» **EXERCISE PROMPT**
Would you output the entries below only from the line containing "At its core, RDR" through the line containing "This gray tabby", exactly as they stand and with both ends included?

Data items
======

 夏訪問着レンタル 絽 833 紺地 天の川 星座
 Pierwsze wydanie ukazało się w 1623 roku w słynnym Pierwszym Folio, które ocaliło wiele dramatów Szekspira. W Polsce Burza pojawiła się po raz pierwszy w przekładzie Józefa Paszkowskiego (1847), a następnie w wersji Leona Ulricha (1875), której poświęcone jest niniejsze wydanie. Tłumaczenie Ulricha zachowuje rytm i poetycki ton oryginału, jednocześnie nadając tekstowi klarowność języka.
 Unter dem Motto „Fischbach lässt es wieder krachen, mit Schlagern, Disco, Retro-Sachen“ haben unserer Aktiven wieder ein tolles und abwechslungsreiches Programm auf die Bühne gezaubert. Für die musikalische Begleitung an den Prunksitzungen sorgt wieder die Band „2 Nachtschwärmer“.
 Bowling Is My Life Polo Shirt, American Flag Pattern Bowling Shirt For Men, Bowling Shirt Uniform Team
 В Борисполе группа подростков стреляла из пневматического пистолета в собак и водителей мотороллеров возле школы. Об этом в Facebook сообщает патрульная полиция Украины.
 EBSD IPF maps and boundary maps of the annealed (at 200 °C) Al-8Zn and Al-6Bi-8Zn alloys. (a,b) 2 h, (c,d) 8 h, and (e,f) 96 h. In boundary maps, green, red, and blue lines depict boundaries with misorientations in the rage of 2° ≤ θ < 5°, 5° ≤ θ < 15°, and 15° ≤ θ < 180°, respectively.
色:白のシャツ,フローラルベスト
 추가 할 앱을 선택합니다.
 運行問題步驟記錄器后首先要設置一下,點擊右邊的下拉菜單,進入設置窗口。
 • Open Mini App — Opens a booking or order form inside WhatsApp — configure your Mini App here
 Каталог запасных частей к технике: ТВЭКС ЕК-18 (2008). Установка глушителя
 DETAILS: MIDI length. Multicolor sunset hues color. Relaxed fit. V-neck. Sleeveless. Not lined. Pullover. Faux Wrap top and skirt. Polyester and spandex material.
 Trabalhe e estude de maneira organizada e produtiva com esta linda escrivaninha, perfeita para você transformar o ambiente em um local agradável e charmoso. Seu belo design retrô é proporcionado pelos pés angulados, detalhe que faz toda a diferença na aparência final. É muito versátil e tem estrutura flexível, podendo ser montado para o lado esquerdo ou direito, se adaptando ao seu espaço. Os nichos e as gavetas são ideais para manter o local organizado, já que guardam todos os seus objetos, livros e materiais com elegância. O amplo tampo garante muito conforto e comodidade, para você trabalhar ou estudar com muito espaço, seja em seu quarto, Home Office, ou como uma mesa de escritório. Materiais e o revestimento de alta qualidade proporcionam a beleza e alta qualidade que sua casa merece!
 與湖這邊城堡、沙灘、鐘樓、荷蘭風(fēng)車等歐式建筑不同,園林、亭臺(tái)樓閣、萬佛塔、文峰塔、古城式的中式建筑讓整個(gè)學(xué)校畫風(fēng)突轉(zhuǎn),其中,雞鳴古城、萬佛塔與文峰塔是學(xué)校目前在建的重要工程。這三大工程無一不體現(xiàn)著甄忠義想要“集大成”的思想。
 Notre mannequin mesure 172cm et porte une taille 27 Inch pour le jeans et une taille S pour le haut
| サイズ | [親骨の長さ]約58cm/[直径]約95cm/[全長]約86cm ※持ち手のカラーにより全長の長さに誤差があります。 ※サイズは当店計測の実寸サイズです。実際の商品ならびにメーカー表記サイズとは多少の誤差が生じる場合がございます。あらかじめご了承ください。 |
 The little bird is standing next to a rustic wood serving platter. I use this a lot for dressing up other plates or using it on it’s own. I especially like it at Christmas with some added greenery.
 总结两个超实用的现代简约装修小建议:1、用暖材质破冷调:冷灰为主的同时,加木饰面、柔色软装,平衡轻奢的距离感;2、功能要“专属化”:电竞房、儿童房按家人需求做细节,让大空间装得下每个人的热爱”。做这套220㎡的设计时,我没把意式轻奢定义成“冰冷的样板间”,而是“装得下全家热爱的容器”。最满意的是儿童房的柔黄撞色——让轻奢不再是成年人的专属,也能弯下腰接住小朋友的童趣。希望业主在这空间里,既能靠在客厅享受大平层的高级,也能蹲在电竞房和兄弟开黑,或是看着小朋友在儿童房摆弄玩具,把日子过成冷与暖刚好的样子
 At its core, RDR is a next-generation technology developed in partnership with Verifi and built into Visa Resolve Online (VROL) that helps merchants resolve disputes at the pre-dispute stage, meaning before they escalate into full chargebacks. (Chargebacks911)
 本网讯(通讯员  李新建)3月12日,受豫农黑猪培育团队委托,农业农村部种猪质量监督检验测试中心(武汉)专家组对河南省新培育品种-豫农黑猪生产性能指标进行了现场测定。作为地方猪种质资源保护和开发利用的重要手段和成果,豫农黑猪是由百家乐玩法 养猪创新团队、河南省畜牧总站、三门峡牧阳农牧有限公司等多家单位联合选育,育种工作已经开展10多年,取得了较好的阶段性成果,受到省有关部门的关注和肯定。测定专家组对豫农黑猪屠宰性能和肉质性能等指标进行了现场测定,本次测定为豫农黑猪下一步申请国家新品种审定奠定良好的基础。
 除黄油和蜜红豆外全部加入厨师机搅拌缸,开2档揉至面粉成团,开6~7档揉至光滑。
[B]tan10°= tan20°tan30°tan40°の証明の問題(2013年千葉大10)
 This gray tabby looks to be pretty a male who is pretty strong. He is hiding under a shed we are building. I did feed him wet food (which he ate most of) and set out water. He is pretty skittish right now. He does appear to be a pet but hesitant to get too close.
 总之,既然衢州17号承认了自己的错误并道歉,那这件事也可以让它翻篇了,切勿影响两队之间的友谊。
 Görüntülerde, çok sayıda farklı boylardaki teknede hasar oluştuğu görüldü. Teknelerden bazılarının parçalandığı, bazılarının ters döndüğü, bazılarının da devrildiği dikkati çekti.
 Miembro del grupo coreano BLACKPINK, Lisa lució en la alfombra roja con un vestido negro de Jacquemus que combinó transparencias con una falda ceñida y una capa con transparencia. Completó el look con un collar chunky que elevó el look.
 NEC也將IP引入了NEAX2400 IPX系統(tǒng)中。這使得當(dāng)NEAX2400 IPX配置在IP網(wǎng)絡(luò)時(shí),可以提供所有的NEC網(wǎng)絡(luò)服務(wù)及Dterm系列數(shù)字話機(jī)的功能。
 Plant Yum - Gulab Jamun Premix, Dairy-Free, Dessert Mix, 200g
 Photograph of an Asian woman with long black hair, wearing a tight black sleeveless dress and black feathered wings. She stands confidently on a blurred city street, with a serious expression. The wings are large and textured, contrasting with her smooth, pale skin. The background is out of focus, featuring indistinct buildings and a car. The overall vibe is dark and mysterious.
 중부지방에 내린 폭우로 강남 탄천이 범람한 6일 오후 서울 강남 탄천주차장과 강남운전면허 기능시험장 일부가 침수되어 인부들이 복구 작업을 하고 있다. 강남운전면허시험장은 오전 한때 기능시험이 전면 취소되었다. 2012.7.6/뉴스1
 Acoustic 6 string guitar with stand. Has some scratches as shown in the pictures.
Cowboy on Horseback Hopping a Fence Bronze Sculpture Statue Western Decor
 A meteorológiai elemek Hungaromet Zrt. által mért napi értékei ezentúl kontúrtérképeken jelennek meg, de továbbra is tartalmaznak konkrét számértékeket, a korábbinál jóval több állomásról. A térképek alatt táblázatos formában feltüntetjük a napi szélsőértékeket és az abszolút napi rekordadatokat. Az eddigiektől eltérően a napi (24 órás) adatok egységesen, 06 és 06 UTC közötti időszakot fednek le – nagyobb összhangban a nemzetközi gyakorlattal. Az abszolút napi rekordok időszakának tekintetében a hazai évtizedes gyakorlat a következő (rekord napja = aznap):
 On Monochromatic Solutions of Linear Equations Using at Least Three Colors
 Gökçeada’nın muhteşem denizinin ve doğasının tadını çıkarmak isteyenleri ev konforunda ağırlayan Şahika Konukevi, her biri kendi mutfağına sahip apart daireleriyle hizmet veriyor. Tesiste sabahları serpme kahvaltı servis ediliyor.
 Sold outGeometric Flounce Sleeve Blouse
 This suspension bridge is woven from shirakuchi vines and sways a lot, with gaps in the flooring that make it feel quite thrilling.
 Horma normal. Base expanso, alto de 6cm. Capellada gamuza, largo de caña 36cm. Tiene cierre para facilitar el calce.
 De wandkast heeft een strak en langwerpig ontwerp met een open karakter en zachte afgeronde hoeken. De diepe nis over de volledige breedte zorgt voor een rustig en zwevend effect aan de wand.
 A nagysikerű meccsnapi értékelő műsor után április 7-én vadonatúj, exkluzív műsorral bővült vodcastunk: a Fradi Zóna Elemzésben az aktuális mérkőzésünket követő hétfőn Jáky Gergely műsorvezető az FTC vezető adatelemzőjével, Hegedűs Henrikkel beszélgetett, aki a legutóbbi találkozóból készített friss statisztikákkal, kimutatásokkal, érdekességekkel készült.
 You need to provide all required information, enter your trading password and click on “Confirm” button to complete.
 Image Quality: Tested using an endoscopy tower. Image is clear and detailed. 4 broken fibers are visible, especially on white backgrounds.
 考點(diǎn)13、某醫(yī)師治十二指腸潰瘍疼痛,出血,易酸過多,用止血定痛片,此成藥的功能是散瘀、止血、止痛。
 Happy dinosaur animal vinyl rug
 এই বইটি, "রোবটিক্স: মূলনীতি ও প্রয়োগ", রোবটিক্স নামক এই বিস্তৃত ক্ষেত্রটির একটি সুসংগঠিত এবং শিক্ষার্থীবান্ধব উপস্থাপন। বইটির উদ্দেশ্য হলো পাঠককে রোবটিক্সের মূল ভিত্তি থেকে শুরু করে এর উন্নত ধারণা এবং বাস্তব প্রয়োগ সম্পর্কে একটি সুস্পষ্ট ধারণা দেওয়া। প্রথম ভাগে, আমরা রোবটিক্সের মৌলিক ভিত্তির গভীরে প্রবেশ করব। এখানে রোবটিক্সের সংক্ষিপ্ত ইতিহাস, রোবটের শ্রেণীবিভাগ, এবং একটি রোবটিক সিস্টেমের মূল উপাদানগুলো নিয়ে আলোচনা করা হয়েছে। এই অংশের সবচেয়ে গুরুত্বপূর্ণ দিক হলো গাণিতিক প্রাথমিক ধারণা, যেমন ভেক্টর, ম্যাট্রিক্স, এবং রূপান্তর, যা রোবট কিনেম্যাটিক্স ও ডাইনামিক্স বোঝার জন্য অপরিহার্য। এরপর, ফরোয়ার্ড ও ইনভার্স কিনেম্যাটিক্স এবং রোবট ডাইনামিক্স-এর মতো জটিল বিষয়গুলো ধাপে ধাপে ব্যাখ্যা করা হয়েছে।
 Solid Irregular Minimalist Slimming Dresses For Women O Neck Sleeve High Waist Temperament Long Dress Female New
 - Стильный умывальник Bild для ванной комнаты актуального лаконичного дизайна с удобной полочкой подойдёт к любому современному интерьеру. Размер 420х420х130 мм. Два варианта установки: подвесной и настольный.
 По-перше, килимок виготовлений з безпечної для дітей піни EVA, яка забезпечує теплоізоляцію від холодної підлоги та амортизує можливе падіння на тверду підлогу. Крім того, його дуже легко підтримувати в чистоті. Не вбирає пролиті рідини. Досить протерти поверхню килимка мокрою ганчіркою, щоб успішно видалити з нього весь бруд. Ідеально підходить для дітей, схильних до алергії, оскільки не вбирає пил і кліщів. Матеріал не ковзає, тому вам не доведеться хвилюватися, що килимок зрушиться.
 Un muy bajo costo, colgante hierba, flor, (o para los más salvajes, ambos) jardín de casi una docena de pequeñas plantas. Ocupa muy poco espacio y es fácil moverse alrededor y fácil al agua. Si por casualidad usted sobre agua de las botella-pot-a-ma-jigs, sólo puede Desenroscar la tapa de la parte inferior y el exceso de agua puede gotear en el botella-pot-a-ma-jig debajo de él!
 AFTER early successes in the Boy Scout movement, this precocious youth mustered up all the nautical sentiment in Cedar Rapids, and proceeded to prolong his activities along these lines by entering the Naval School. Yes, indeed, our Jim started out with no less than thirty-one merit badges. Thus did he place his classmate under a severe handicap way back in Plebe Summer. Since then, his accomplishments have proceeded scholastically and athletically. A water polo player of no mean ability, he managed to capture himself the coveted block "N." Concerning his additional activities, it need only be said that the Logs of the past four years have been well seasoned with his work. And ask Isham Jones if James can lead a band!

======

» **EXERCISE OUTPUT**
 At its core, RDR is a next-generation technology developed in partnership with Verifi and built into Visa Resolve Online (VROL) that helps merchants resolve disputes at the pre-dispute stage, meaning before they escalate into full chargebacks. (Chargebacks911)
 本网讯(通讯员  李新建)3月12日,受豫农黑猪培育团队委托,农业农村部种猪质量监督检验测试中心(武汉)专家组对河南省新培育品种-豫农黑猪生产性能指标进行了现场测定。作为地方猪种质资源保护和开发利用的重要手段和成果,豫农黑猪是由百家乐玩法 养猪创新团队、河南省畜牧总站、三门峡牧阳农牧有限公司等多家单位联合选育,育种工作已经开展10多年,取得了较好的阶段性成果,受到省有关部门的关注和肯定。测定专家组对豫农黑猪屠宰性能和肉质性能等指标进行了现场测定,本次测定为豫农黑猪下一步申请国家新品种审定奠定良好的基础。
 除黄油和蜜红豆外全部加入厨师机搅拌缸,开2档揉至面粉成团,开6~7档揉至光滑。
[B]tan10°= tan20°tan30°tan40°の証明の問題(2013年千葉大10)
 This gray tabby looks to be pretty a male who is pretty strong. He is hiding under a shed we are building. I did feed him wet food (which he ate most of) and set out water. He is pretty skittish right now. He does appear to be a pet but hesitant to get too close.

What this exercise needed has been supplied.